Fréchet Radiomic Distance (FRD): A Versatile Metric for Comparing Medical Imaging Datasets

Determining whether two sets of images belong to the same or different distributions or domains is a crucial task in modern medical image analysis and deep learning; for example, to evaluate the output quality of image generative models. Currently, metrics used for this task either rely on the (potentially biased) choice of some downstream task, such as segmentation, or adopt task-independent perceptual metrics (e.g., Fréchet Inception Distance/FID) from natural imaging, which we show insufficiently capture anatomical features. To this end, we introduce a new perceptual metric tailored for medical images, FRD (Fréchet Radiomic Distance), which utilizes standardized, clinically meaningful, and interpretable image features. We show that FRD is superior to other image distribution metrics for a range of medical imaging applications, including out-of-domain (OOD) detection, the evaluation of image-to-image translation (by correlating more with downstream task performance as well as anatomical consistency and realism), and the evaluation of unconditional image generation. Moreover, FRD offers additional benefits such as stability and computational efficiency at low sample sizes, sensitivity to image corruptions and adversarial attacks, feature interpretability, and correlation with radiologist-perceived image quality. Additionally, we address key gaps in the literature by presenting an extensive framework for the multifaceted evaluation of image similarity metrics in medical imaging – including the first large-scale comparative study of generative models for medical image translation – and release an accessible codebase to facilitate future research. Our results are supported by thorough experiments spanning a variety of datasets, modalities, and downstream tasks, highlighting the broad potential of FRD for medical image analysis.

💡 Research Summary

The paper introduces Fréchet Radiomic Distance (FRD), a novel metric designed specifically for comparing distributions of medical images. Existing metrics such as Fréchet Inception Distance (FID) and its medical‑adapted variant RadiologyFID (RadFID) rely on features learned from natural images, which fail to capture the anatomical and textural nuances critical in radiology. FRD addresses this gap by leveraging a comprehensive set of handcrafted radiomic features—first‑order statistics, gray‑level co‑occurrence, run‑length, and size‑zone matrices—augmented with frequency‑domain representations obtained through wavelet or Fourier filtering. Unlike the min‑max scaling used in the earlier FRD v0, the current version applies robust z‑score normalization across both datasets using a shared reference distribution, ensuring comparability and resistance to outliers.

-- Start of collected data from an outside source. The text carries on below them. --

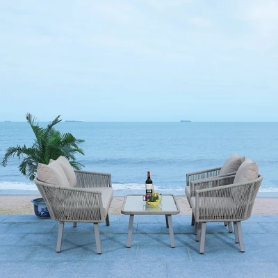 The classic barrel chair gets a streamlined modern update in this Belmi 4 Piece Outdoor Living Set. Featuring two arm chairs, a loveseat, and smooth glass top coffee table, the timeless silhouettes of Belmi’s seating is transformed for today’s outdoor entertaining with gray rope details and matching gray cushions. This conversation set adds a fresh look to any outdoor space.
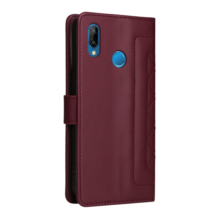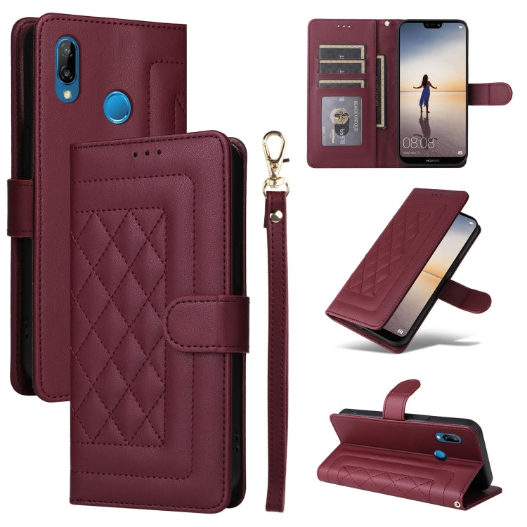 Funda para Huawei P20 Lite con Tapa de Cuero Diamond Lattice (Rojo Vino)
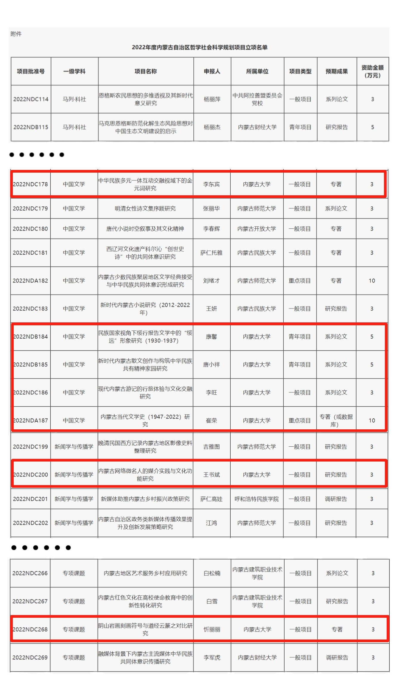 12月7日,2022年度内蒙古自治区哲学社会科学规划项目立项公示,公司有7位老师立项,分别为:崔荣老师,李东宾老师,忻丽丽老师,李旺老师,唐小祥老师、康馨老师,王书斌老师。

The authors compute the Fréchet distance between the multivariate Gaussian approximations of the normalized radiomic feature distributions for two image sets (e.g., real vs. generated). This yields a scalar distance that reflects both global intensity characteristics and fine‑grained texture patterns relevant to clinical interpretation.

Extensive experiments span ten diverse datasets covering breast, brain, spine, and abdominal imaging across multiple modalities (MRI, CT) and scanner vendors. Three primary application scenarios are evaluated: (1) out‑of‑domain (OOD) detection, (2) image‑to‑image translation quality assessment, and (3) unconditional image generation evaluation. In OOD detection, FRD consistently outperforms FID, KID, and RadFID in AUC, accuracy, and sensitivity, especially when sample sizes are limited (≤100 images). For translation models (e.g., MRI→CT, T1→T2, inter‑scanner), lower FRD scores correlate strongly with higher downstream performance on segmentation, classification, and lesion detection tasks, demonstrating that FRD captures clinically relevant domain alignment. In generative model benchmarking, FRD shows the highest Pearson correlation (≈0.78) with radiologists’ subjective quality ratings, surpassing all competing metrics.

Additional analyses probe robustness to image corruptions (Gaussian noise, blur, compression artifacts) and adversarial attacks (FGSM, PGD). FRD exhibits heightened sensitivity, detecting subtle degradations earlier than FID or RadFID, and it successfully distinguishes adversarially perturbed images, highlighting its potential for quality control in clinical pipelines.

A major contribution is the release of a unified evaluation framework and open‑source Python library that automates radiomic extraction, normalization, and Fréchet distance computation, facilitating reproducible research. The paper also provides a standardized OOD detection protocol and a large‑scale comparative study of generative models for medical image translation—both firsts in the field.

In summary, FRD combines interpretability (through clinically meaningful radiomic features), stability on small datasets, computational efficiency, and strong alignment with downstream task performance and expert perception. These properties make FRD a compelling candidate to become the de‑facto standard for assessing distribution similarity in medical imaging research and practice.